2) There are solar powered fans, but I would have to have the p/v panel routed to the sunny side of the roof, and probably should have a thermostat installed--these babies cost more, and some are only warranted for 5 years or so unless you get a Natural Light, which is warranted for 25 years and the nearest installer is on the other side of the state.
3) Have the roofer rip it out, repair the hole and shingle over it, because the roof is equipped with gable vents, soffit vents, and ridge vents. Price at present is not known.

I am neither handy nor strong, (and I don't "know" anyone),so my choices are limited to hiring out.
Any body know anything more than I do that would help me decide which route to go? I do not want to keep forking over $$ every couple of years, especially if a fan is not really doing me any good.


----------



## fossil (Jun 18, 2012)

firebroad said:


> ...the roof is equipped with gable vents, soffit vents, and ridge vents...


 
Then I don't understand why you have the fan at all.  No real compelling reason to do anything at all about it.  Just make sure it's got no power and forget about it.  Rick


----------



## firebroad (Jun 18, 2012)

fossil said:


> Then I don't understand why you have the fan at all. No real compelling reason to do anything at all about it. Just make sure it's got no power and forget about it. Rick


Thanks, Rick;  The reason it is there is because a A/C guys thought it needed it.  I knew nothing about the ridge vents, and they may not have been there before I contracted to get the new roof.  I never really liked the idea of that hole up there, letting in bees and such--so you think I should just ignore it rather than get it sealed up?


----------



## heat seeker (Jun 18, 2012)

The fan will definitely keep the attic cooler, which will prolong the life of your shingles, and reduce the load on the AC. I would replace it. That said, I don't have one, but am considering installing a gable fan to serve the same purpose.


----------



## fossil (Jun 18, 2012)

The house we owned in Fairfax VA had an existing attic fan & gable end vents when we bought the place.  No ridge vent or vented soffits.  I didn't think much of it...seemed quiet enough.  Turned out it had no power to it ...which I figured out when we were in the midst of a major remodel/addition.  Electrician or someone talked me into a new attic fan through the roof of the new 2nd story addition.  Meantime, the builder incorporated soffit & ridge vents into the new roof and retrofitted them into the existing roof.  I did nothing about the old powerless attic fan, but let the new one operate on its thermostat.  It was in the attic above our bedroom.  I got tired of listening to it run, even after adjusting the on/off temps a couple of times and finally just turned the damn thing off.  The attics vented just fine, and we never had any sort of problem with bug/critter intrusion through the fans.  With generous insulation on the attic floor, coupled with the ridge & soffit vents, I don't know why anything else is needed.  Rick


----------



## Adios Pantalones (Jun 18, 2012)

Had all our windahs replaced and the dudes left a ladder there for a couple days- so I climbed up to replace the driveway side flood lights- first I banged the ladder around to make sure there was no squirrel home in the vent (we have residents in our log home) and when I got up there- WOW- the heat pouring out the vent was pretty crazy, and it wasn't a particularly hot day.
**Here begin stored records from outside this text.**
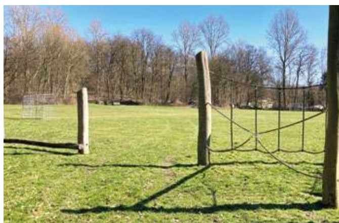
Nur wenige Spielgeräte – in einer Ecke der Wiese – gibt es bislang an der Brockhauser Straße.

zwischen 14 und 18 Jahren. Der Spielplatz liegt am Fußweg, der aus Stiepel-Dorf hinunter zur Ruhr führt. An dem Weg ist eine neue Aufenthaltsfläche aus Schotterrasenfläche vorgesehen – mit zwei Sitzbänken sowie einer Tisch-Bank-Garnitur, zwei Abfallbehältern sowie zwei Anlehnbügel für Fahrräder. Auf dem neu gestalteten Spielbereich wird es einen Sandspielbereich mit Sandspiel-Rutschen-Kombination, einer Stehwippe und einer Holzhackschnitzelfläche mit einem hohen Seil-Netz-Klet-
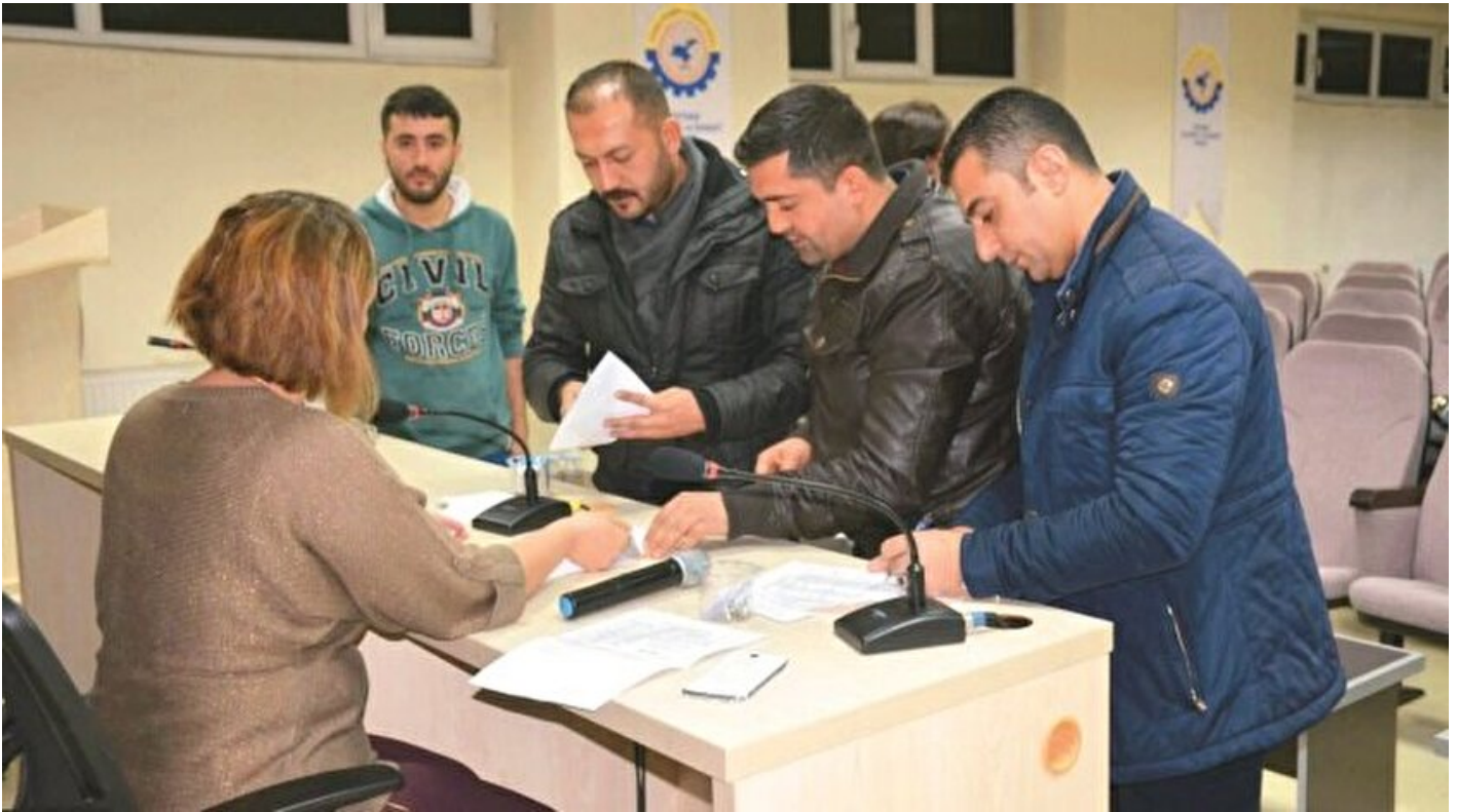
Oda seçimlerinde 2 yıl şartı

Haber Merkezi · 29 Ağustos 2017, 04:00 · Yeni Şafak
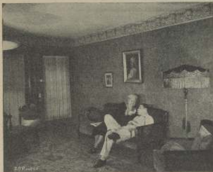
Jack Oakie, en su casa, con su madre

Hay por todos los sitios reliquias indias; un cinturón de cuentas que Gary llevaba al colegio; un traje indio que se hizo él mismo; varios

Anyway- I could feel the airflow big time- so the attic was hot, but the air was flowing.


----------



## fossil (Jun 18, 2012)

Natural convection...shouldn't be a mystery to any of us woodburners. Let the hottest air escape out the top of the attic space (roof ridge vent) while allowing relatively cooler air to come in to replace it from the bottom (soffits). Works like a charm, continous circulation, no forced convection required.  If you don't provide that path for natural convection, then yes, you need something like gable vents and an attic fan.


----------



## firebroad (Jun 18, 2012)

That is the question--now that you mention, I am not sure about the soffits.  I do see light coming through the edges where the roof meets the walls when I am up in the attic--does that count?  Also, there are two gable vents visible from the outside, but one end seems to be walled up.  Not sure what the story was there.


----------



## Adios Pantalones (Jun 18, 2012)

firebroad said:


> That is the question--now that you mention, I am not sure about the soffits. I do see light coming through the edges where the roof meets the walls when I am up in the attic--does that count? Also, there are two gable vents visible from the outside, but one end seems to be walled up. Not sure what the story was there.


 
It's probable that a violent mutant was born into the family that had to be sequestered in that attic space at one time. That's like 97% likely.


----------



## firebroad (Jun 18, 2012)

Adios Pantalones said:


> It's probable that a violent mutant was born into the family that had to be sequestered in that attic space at one time. That's like 97% likely.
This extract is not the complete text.